Le président français Nicolas Sarkozy a pourtant bien placé ces derniers mois la défense parmi ses priorités européennes avec la maîtrise de l’immigration et la lutte contre l’effet de serre.

Il a évoqué la double volonté de la France de se rapprocher de l’Otan - en clair, d’en réintégrer totalement la structure militaire- et en parallèle de renforcer l’Europe de la Défense.

Sur un sujet clé, l’installation à Bruxelles d’un centre de commandement permanent des opérations militaires de l’UE, auquel la France est favorable mais la Grande-Bretagne hostile, M. Morin a indiqué que c’était "une discussion que nous avons avec nos amis britanniques".

Londres n’est pas favorable à une structure qui ferait double emploi avec l’Otan.
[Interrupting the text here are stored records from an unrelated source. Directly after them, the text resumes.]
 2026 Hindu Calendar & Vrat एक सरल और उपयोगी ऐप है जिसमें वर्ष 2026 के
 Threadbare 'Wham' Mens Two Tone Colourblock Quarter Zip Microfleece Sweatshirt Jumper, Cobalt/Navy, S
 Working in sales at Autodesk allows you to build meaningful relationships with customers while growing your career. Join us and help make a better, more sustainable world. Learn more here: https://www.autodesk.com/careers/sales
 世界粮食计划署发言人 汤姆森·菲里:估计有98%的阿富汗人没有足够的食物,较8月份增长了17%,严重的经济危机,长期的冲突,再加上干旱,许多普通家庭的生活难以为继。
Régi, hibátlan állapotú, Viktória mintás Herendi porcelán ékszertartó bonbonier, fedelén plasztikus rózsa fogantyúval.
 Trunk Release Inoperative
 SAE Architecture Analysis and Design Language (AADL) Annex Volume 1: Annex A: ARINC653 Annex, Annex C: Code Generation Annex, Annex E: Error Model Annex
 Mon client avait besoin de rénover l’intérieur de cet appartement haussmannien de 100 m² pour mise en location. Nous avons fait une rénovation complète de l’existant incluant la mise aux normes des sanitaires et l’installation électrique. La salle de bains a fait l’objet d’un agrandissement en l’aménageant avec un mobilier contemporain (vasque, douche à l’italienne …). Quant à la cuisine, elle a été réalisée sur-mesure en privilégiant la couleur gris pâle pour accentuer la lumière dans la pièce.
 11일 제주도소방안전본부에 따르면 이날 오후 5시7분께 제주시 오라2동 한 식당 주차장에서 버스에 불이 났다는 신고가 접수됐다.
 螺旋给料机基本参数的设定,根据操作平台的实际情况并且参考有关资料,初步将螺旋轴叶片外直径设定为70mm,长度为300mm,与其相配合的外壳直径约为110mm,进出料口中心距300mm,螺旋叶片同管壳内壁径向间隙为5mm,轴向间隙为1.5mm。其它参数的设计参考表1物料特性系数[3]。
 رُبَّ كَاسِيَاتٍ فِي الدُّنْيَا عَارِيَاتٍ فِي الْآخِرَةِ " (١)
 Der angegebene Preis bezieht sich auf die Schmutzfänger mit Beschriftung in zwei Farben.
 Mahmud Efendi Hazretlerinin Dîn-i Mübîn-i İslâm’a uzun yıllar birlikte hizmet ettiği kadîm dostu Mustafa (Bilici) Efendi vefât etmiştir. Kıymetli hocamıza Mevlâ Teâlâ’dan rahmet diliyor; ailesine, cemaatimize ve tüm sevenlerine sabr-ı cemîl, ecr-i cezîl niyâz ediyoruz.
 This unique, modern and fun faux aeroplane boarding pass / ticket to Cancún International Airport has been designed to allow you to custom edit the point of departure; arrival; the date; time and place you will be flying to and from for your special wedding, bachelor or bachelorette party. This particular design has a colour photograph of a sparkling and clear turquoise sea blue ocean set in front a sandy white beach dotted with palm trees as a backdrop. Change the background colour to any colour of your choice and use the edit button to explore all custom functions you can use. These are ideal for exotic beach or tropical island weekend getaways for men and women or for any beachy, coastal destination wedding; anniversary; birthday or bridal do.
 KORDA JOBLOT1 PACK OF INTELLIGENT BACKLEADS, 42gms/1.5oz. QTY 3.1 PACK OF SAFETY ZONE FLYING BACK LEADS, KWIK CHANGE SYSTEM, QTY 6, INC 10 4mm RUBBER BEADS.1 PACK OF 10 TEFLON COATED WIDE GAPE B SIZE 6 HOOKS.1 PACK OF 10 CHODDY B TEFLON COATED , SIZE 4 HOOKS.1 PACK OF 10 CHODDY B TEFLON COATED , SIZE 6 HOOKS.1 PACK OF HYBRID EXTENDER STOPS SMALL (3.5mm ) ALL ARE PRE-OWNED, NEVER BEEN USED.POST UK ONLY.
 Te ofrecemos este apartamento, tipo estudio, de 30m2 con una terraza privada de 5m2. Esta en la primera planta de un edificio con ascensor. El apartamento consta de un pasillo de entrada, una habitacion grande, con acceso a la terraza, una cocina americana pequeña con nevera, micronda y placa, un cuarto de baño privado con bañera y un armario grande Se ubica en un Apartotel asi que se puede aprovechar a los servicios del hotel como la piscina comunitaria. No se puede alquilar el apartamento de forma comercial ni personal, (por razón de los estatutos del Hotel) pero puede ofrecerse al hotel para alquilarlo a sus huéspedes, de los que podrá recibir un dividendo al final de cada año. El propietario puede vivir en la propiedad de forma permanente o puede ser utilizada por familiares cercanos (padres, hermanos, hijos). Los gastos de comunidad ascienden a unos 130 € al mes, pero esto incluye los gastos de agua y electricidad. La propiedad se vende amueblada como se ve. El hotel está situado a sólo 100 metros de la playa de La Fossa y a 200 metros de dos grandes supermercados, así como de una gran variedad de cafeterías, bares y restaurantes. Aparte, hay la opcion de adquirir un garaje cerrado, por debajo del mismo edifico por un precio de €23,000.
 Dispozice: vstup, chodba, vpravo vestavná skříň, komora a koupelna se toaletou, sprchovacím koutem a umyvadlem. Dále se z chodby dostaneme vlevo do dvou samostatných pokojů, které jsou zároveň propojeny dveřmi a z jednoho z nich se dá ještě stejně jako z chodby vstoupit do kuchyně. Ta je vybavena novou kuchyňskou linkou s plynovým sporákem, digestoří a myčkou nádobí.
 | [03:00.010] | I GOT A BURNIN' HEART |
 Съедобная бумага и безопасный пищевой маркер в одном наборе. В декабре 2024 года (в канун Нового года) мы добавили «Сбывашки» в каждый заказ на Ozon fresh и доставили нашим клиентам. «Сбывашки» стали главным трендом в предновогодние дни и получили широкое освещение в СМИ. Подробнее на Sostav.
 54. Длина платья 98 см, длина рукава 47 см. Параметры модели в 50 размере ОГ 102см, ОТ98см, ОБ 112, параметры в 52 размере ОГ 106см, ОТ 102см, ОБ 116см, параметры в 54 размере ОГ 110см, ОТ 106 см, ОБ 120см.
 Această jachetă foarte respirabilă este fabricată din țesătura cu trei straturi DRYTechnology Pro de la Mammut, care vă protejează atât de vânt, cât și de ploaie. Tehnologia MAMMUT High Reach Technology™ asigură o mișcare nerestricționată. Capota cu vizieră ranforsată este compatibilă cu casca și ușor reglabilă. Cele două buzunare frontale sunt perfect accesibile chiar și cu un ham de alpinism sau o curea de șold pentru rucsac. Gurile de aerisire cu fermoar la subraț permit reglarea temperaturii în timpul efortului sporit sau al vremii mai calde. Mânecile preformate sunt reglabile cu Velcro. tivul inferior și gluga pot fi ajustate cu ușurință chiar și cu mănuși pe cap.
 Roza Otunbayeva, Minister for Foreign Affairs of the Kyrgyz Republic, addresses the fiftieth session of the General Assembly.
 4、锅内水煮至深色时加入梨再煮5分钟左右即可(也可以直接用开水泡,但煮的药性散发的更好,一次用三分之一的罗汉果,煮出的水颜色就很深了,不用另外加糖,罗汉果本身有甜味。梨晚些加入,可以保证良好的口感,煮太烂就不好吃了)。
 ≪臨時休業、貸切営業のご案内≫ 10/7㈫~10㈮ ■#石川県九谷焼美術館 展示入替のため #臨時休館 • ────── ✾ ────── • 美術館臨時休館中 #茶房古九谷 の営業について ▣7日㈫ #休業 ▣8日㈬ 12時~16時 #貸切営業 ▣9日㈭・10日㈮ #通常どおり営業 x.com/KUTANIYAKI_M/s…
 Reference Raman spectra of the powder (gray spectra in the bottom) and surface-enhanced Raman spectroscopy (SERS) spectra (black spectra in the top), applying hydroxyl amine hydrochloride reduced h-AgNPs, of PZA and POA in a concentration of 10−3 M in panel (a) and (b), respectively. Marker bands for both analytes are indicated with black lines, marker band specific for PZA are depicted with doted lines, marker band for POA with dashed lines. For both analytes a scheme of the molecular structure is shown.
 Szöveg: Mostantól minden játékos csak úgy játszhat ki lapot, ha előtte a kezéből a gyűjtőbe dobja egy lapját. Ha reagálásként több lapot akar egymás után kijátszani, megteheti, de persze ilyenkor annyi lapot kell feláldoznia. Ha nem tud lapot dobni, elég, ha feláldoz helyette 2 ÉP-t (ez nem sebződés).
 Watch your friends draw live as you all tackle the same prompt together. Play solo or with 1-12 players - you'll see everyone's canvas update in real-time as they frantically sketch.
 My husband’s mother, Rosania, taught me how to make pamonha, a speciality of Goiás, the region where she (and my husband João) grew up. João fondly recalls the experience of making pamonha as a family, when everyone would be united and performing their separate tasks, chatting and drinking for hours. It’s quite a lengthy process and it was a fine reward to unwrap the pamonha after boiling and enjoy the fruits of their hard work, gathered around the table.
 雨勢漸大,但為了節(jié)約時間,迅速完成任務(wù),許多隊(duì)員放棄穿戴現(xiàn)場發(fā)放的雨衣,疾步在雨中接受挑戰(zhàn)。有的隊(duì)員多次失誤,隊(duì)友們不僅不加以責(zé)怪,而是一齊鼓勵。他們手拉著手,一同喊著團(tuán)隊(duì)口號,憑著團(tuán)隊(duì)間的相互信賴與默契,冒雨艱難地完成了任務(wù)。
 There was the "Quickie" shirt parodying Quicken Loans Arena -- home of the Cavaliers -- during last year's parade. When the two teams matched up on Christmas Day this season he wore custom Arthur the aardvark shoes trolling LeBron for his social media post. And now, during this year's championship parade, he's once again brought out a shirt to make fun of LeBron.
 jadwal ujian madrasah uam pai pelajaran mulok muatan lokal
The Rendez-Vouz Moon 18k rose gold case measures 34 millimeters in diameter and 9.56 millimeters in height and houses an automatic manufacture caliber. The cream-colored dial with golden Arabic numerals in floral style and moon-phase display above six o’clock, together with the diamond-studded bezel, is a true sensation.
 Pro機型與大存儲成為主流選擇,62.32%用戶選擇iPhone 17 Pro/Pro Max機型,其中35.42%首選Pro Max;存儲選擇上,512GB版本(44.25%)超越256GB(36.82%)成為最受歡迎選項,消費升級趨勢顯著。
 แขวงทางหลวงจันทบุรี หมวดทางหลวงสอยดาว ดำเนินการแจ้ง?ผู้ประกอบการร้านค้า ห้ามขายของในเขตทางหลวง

M. Morin a toutefois assuré que le débat avec Londres n’était pas clos.

L’objectif d’un tel centre opérationnel "d’une cinquantaine de personnes", a-t-il expliqué, serait d’"éviter des coûts supplémentaires et une perte de compétence" d’une opération à l’autre.

Le centre opérationnel de l’UE, ouvert en janvier 2007 à Bruxelles, est réduit à une poignée de personnes et n’a eu qu’une existence virtuelle jusqu’ici.

Par contraste, M. Morin a cité l’appui public récemment exprimé par la Pologne, pays notoirement attaché à l’Otan, à ce projet de QG européen.

Son homologue polonais Radoslaw Sikorski, également présent à Bruxelles lundi, a confirmé le soutien de Varsovie à un renforcement de la défense européenne.

Il a souligné ne voir "aucune contradiction à appuyer en même temps la politique européenne de défense et l’Otan".